Unfortunately, the US market faced decrease in the previous years, and it was a very negative influencing factor for Hard Rock Café business because this company used to make substantial investments into the development of the domestic market. As a result of negative domestic trends, some of the venues (for example, Hard Rock Park theme park in South Carolina) filed for bankruptcy and were closed because of a number of reasons such as to low sales. But despite the negative domestic trends, company’s performance on international markets has continued to improve. Therefore, taking into account the current market trends, company should focus on its international business opportunities, especially Asia and Pacific, and Latin America.

Hard Rock Café has a strong market penetration and development in the US, Europe and it has started to build the powerful expansion to other regions such as Asia and Latin America. One of the greatest options is the further market penetration in China because it has one of the largest consumer markets in the world and has the potential to grow even larger.

Among the strengths of Hard Rock Café following elements can be defined:

  • Profitability;
  • Recognizable brand image;
  • Customer’s loyalty to the brand;
  • Constant development and geographical expansion;
  • Smart services and products diversification;
  • Infrastructure;
  • Leading positions in the restaurant, hospitality and the entertainment industries;
  • Strong customer relationship management system which includes attention to every customer (staff ensures that the best experience is received by each guest of the venue)

In terms of Hard Rock Café s weaknesses, next elements can be named:

  • New product categories/businesses development risks;
  • Shipping can cause a financial losses in some cases;
  • Dependence on suppliers/delivery companies may cause problems with customer services.

The opportunities for Hard Rock Café include the following:

  • Further global expansion;
  • Development of web commerce on the domestic market.  According to the web commerce analysts, the increase of web commerce in US by 2015 will be huge and the raise will be approx. 43%.  The other forecast is that three-quarters of the web users will purchase the products online;
  • Joint ventures development, successful cooperation with partnering companies.

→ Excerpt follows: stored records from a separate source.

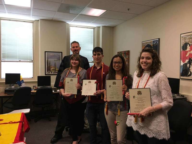 On Wednesday, April 12th, Dr. Denis Berenschot and Dr. Eva-María Suárez Büdenbender inducted four Spanish majors into Shepherd University’s chapter of Sigma Delta Pi (ΣΔΠ), the national collegiate Hispanic honor society. The spring 2017 inductees include Holly Fridley, Keira Cale, Shirley Haimes, and Neal Crosson. The ceremony is celebrated annually, and eligible students are selected for membership by the faculty.
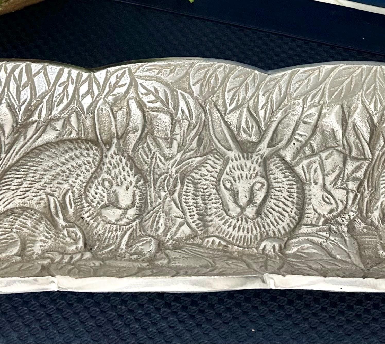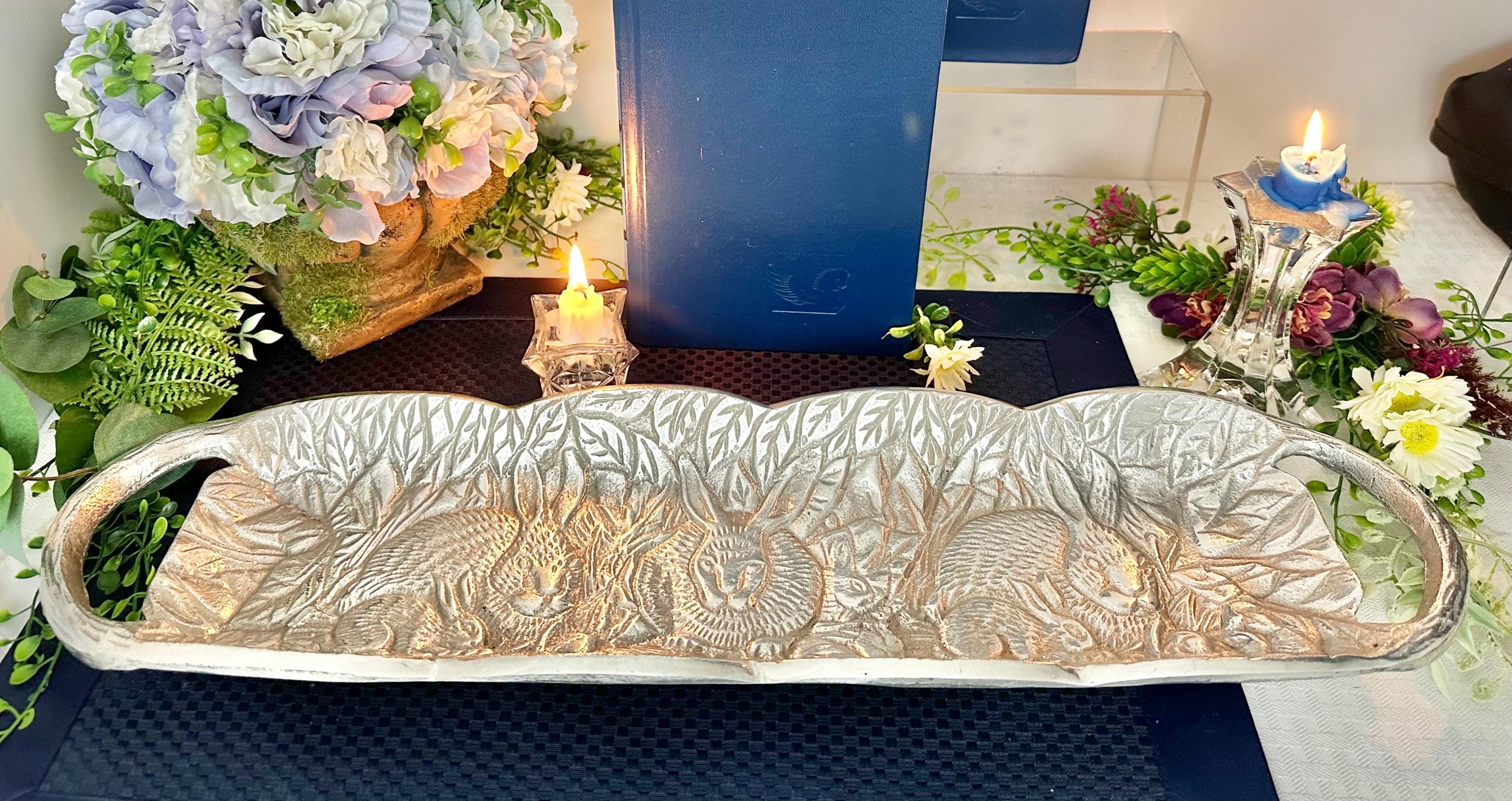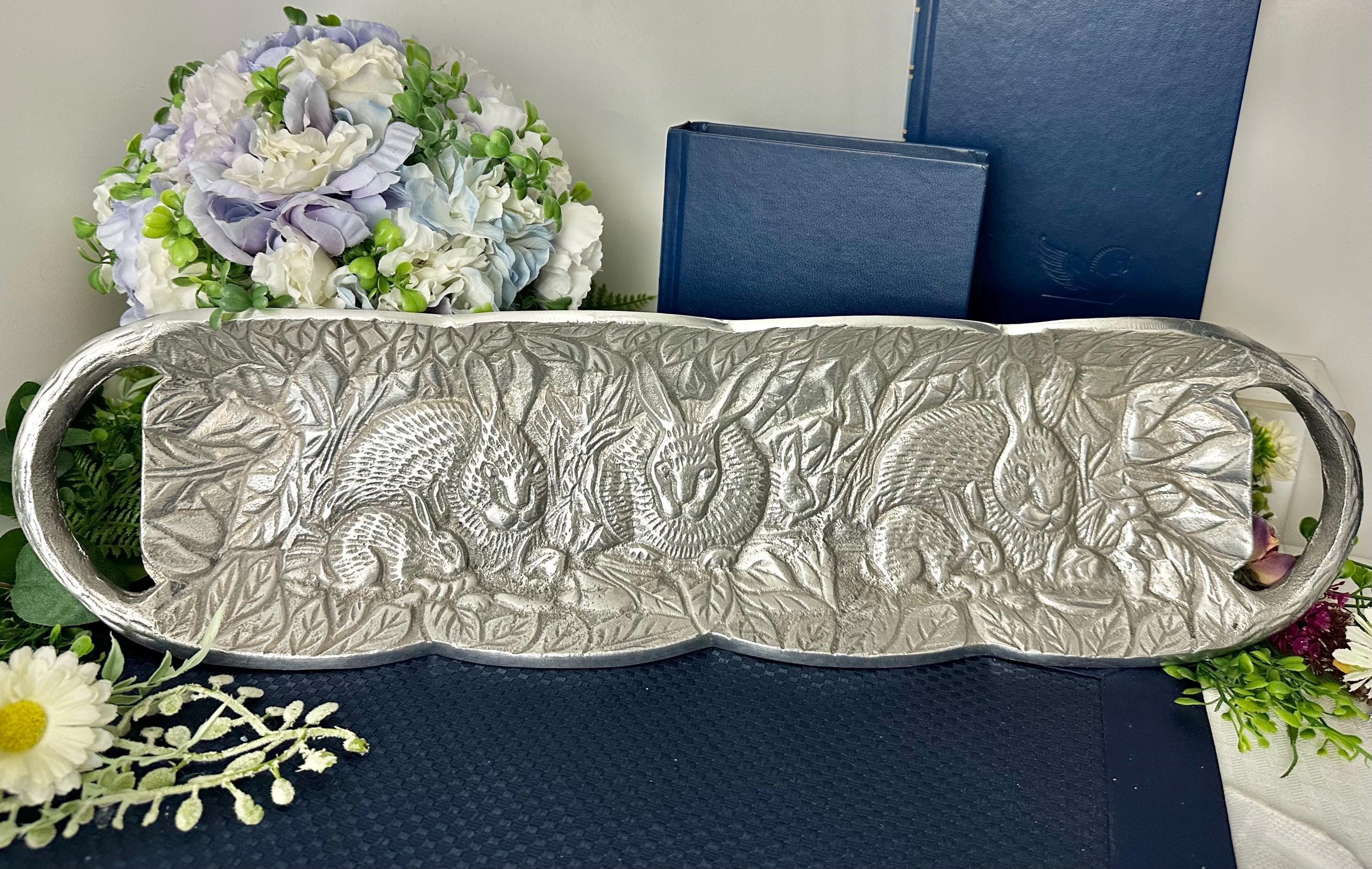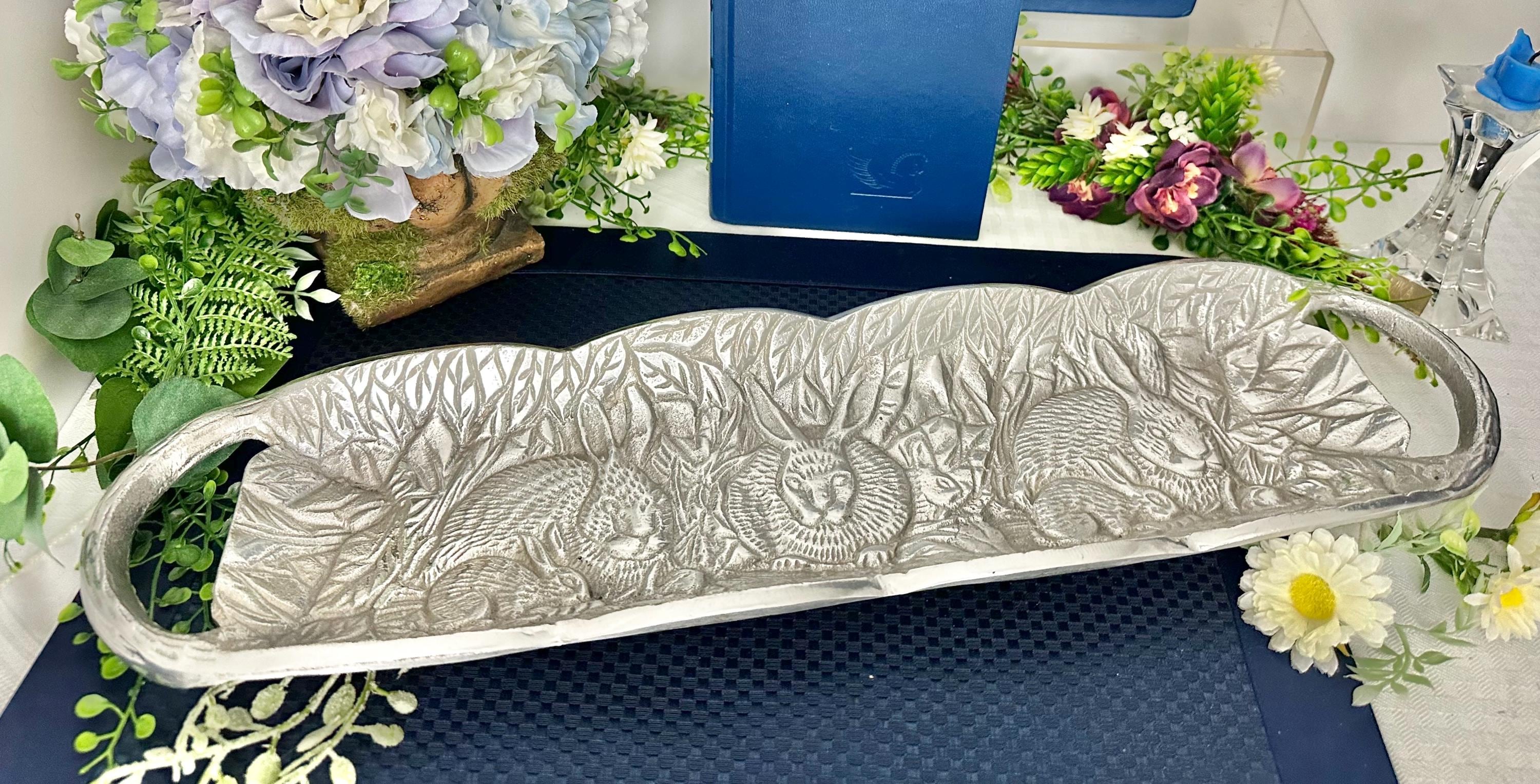 This is for a vintage Wilton Armetale Bunny Rabbit Tray. This vintage pewter serving tray is decorated fully with charming bunny rabbits, perfect for Spring and Easter decor.
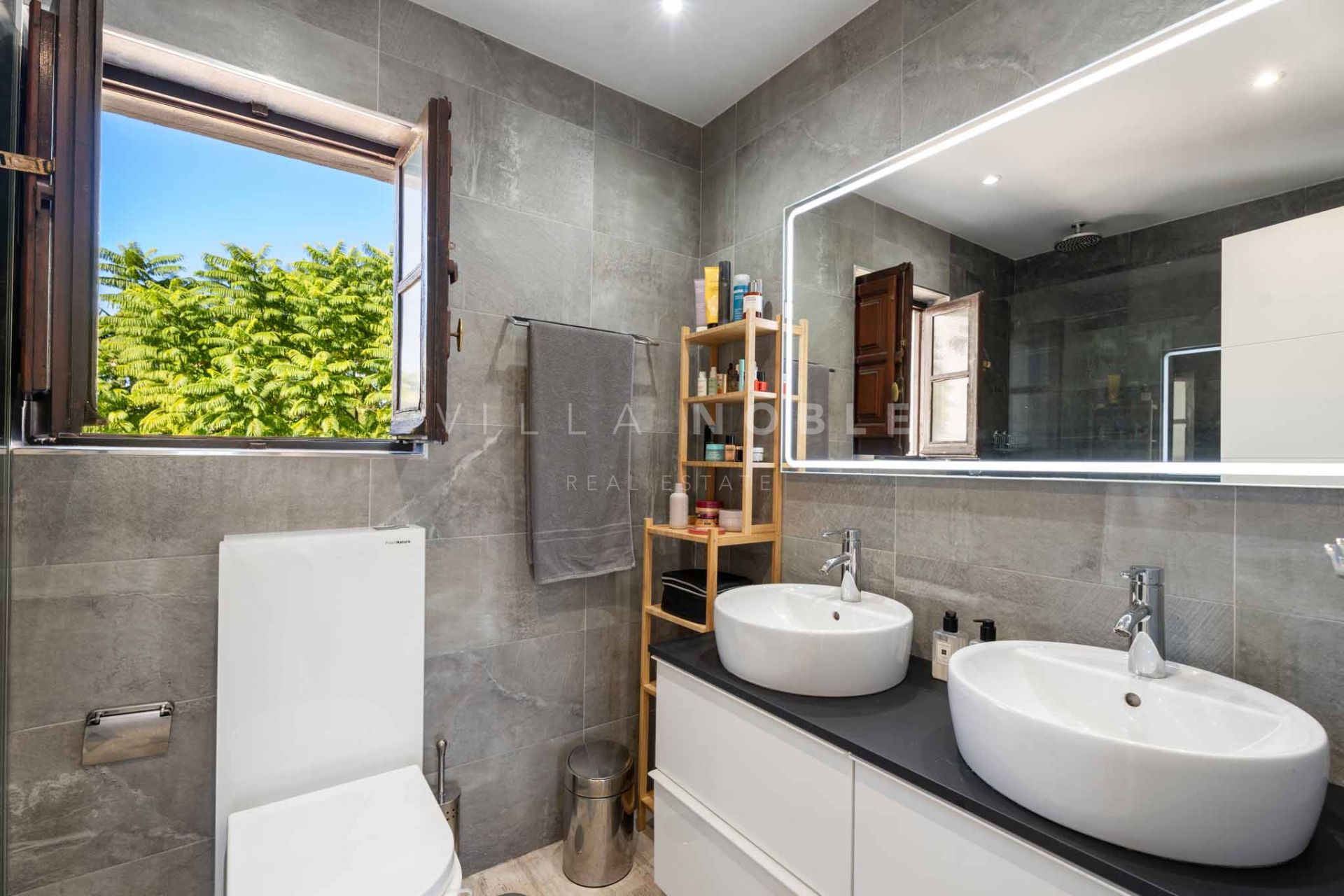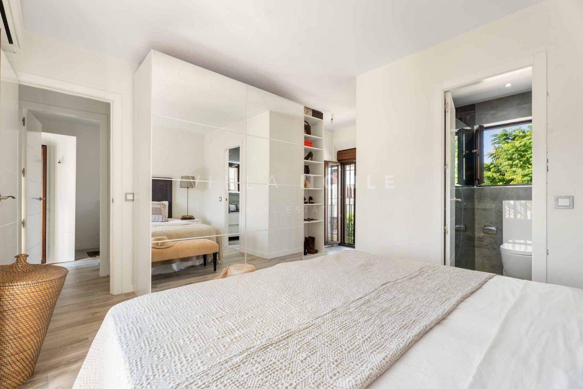 The home has been thoughtfully updated, blending Andalusian charm with modern comfort. The ground floor offers an open-plan living and dining area with a fireplace and direct access to a private terrace framed by Mediterranean greenery. A refurbished kitchen with contemporary finishes connects seamlessly to the living space, creating a functional and inviting layout.
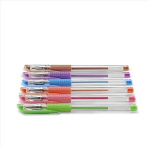 6 gelových per, neonové třpytivé barvy + stříbrná, 0,8 mm a 1,0 mm, světlostálý inkoust.

And finally, the threats for Hard Rock Café are:

  • Negative economic trends on domestic market;
  • Affordable take out options including various promotions: coupons, discounts, specials and happy hour that are marketed toward local citizens (Hard Rock Café considered the higher end take out option).
  • Managing company’s growth.  It’s rather a potential risk that may be caused by problems with new businesses, and investments into foreign markets. So far everything is good, and the major risks are avoided by the company’s management because of the use of franchising on the majority of international markets;
  • The next potential risk is changes of the local regulation, including the taxation;
  • Potential competitors with the similar market strategy entry and consequent difficulties in differentiating the brand from such new competitors;
  • Increasing transportation costs that may influence both costs products and tourism (as a result the number of tourists may decrease).